4: 1 nucleotide insertion - "frameshift +1" (TBO notation "/")

                        OOF alignment with DNAP:

                              DTRGGDTPQKSVFSRAQNTLWGERGDTQKRGGAQRGDIFSLWGGVEKRGV
                              |  |  |  |  |  |  |  |  |  |  |  |  |  |  |   \
                              D  G  T  K  F  A  T  G  G  Q  G  Q  D  S  G   K  V

                        TBO:

                              DGTKFATGGQGQDSG/KV
                              DGTKFATGGQGQDSG KV
                              DGTKFATGGQGQDSG KV
                        

5: 2 nucleotides insertion - "frameshift +2" (TBP notation "//")

                        OOF alignment with DNAP:

                              DTRGGDTPQKSVFSRAQNTLWGERGDTQKRGGAQRGDIFSLFLWGGEKRGV
                              |  |  |  |  |  |  |  |  |  |  |  |  |  |    \  |  |
                              D  G  T  K  F  A  T  G  G  Q  G  Q  D  S    G  K  V

                        TBO:

                              DGTKFATGGQGQDS//GKV
                              DGTKFATGGQGQDS  GKV
                              DGTKFATGGQGQDS  GKV
                        

4 BLAST Search main parameters

DESCRIPTIONS:

Restricts the number of short descriptions of matching sequences reported to the number specified; default limit is 100 descriptions. See also EXPECT.

ALIGNMENTS:

Restricts database sequences to the number specified for which high-scoring segment pairs (HSPs) are reported; the default limit is 100. If more database sequences than this happen to satisfy the statistical significance threshold for reporting (see EXPECT below), only the matches ascribed the greatest statistical significance are reported.

EXPECT:

The statistical significance threshold for reporting matches against database sequences; the default value is 10, such that 10 matches are expected to be found merely by chance, according to the stochastic model of Karlin and Altschul (1990). If the statistical significance ascribed to a match is greater than the EXPECT threshold, the match will not be reported. Lower EXPECT thresholds are more stringent, leading to fewer chance matches being reported. Fractional values are acceptable.

INCLUSION THRESHOLD:

The statistical significance threshold for including a sequence in the model used by PSI-BLAST on the next iteration.

ORGANISM NAME:

Enter the organism name in the form "Genus species" (e.g., "Homo sapiens"). A number of popular organism names are listed on a pull-down menu.

TAXONOMIC CLASSIFICATION:

Enter any taxonomic group from the NCBI taxonomy (e.g. "Mammalia").

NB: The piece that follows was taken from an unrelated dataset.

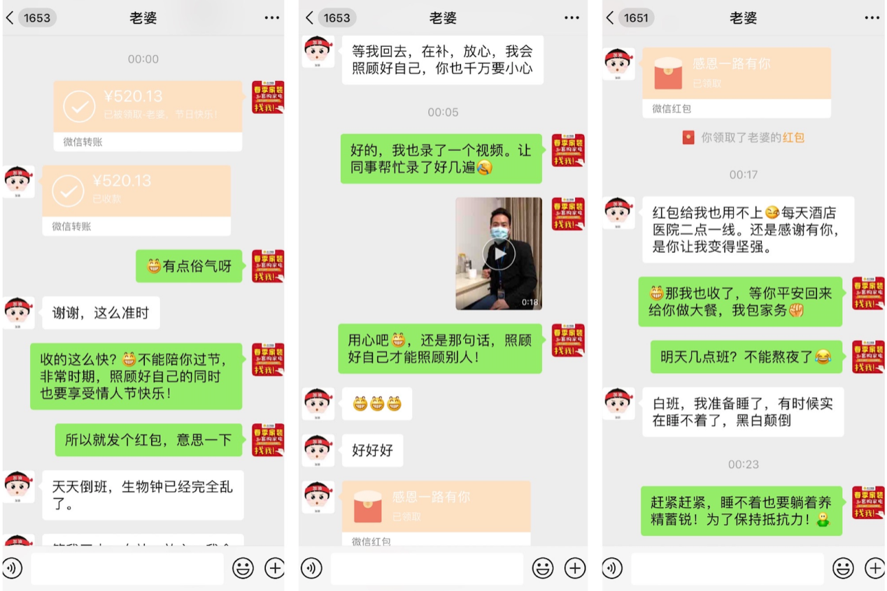 妻子也回贈了紅包,說:“感謝有你,是你讓我變得堅強。”盡管疫情讓他們相隔千里,但愛情始終連接著彼此的心。

                                Some popular groups are:

                                Archaea
                                Bacteria
                                Eukaryota
                                Embryophyta (higher plants)
                                Fungi
                                Metazoa (multicellular animals)
                                Vertebrata
                                Mammalia
                                Rodentia
                                Primates
                        

Explore the taxonomy database at NCBI

FILTER:
FILTER (Low-complexity)

Mask off segments of the query sequence that have low compositional complexity, as determined by the SEG program of Wootton & Federhen (Computers and Chemistry, 1993) or, for BLASTN, by the DUST program of Tatusov and Lipman (in preparation). Filtering can eliminate statistically significant but biologically uninteresting reports from the blast output (e.g., hits against common acidic-, basic- or proline-rich regions), leaving the more biologically interesting regions of the query sequence available for specific matching against database sequences.

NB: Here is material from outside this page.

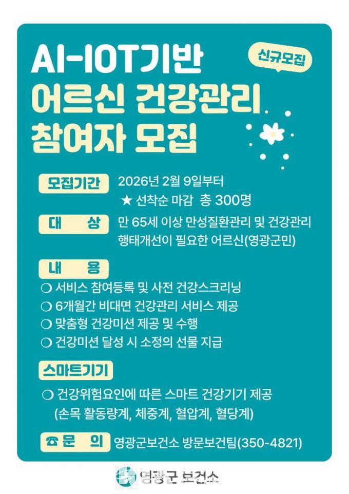 [´ëÇѱâÀÚÇùȸ ¿µ±¤±ºÁöȸ] ¿µ±¤±ºÀº Ãʰí·ÉÈ­ ½Ã´ë¿¡ ´ëºñÇØ 65¼¼ ÀÌ»ó ¿µ±¤±º¹ÎÀ» ´ë»óÀ¸·Î AI・IoT(ÀΰøÁö´É»ç¹°ÀÎÅͳÝ)±â¹Ý ¾î¸£½Å °Ç°­°ü¸®»ç¾÷ ½Å±Ô Âü¿©ÀÚ 300¸íÀ» 2¿ù 9ÀϺÎÅÍ ¼±Âø¼ø ¸ðÁýÇÑ´Ù°í ¹àÇû´Ù.
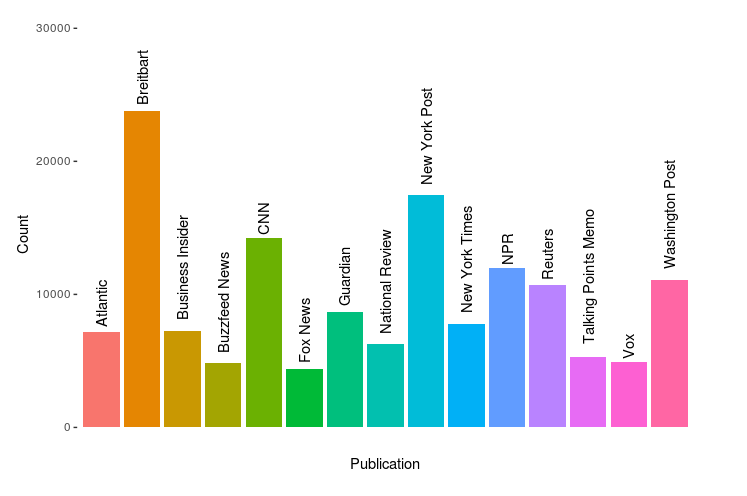 在这篇文章中,我们将使用Andrew Thompson提供的来自Kaggle的新闻数据集(没有关联)。该数据集包含超过14.2万篇文章,来自15个来源,大部分来自2016年和2017年,并被分成三个不同的csv文件。以下是Andrew在Kaggle 概览页面上展示的文章数量:

Filtering is only applied to the query sequence (or its translation products), not to database sequences. Default filtering is DUST for BLASTN, SEG for other programs.

It is not unusual for nothing at all to be masked by SEG, when applied to sequences in SWISS-PROT, so filtering should not be expected to always yield an effect. Furthermore, in some cases, sequences are masked in their entirety, indicating that the statistical significance of any matches reported against the unfiltered query sequence should be suspect.

FILTER (Human repeats)

This option masks Human repeats (LINE's and SINE's) and is especially useful for human sequences that may contain these repeats. This option is still experimental and under development, so it may change in the near future.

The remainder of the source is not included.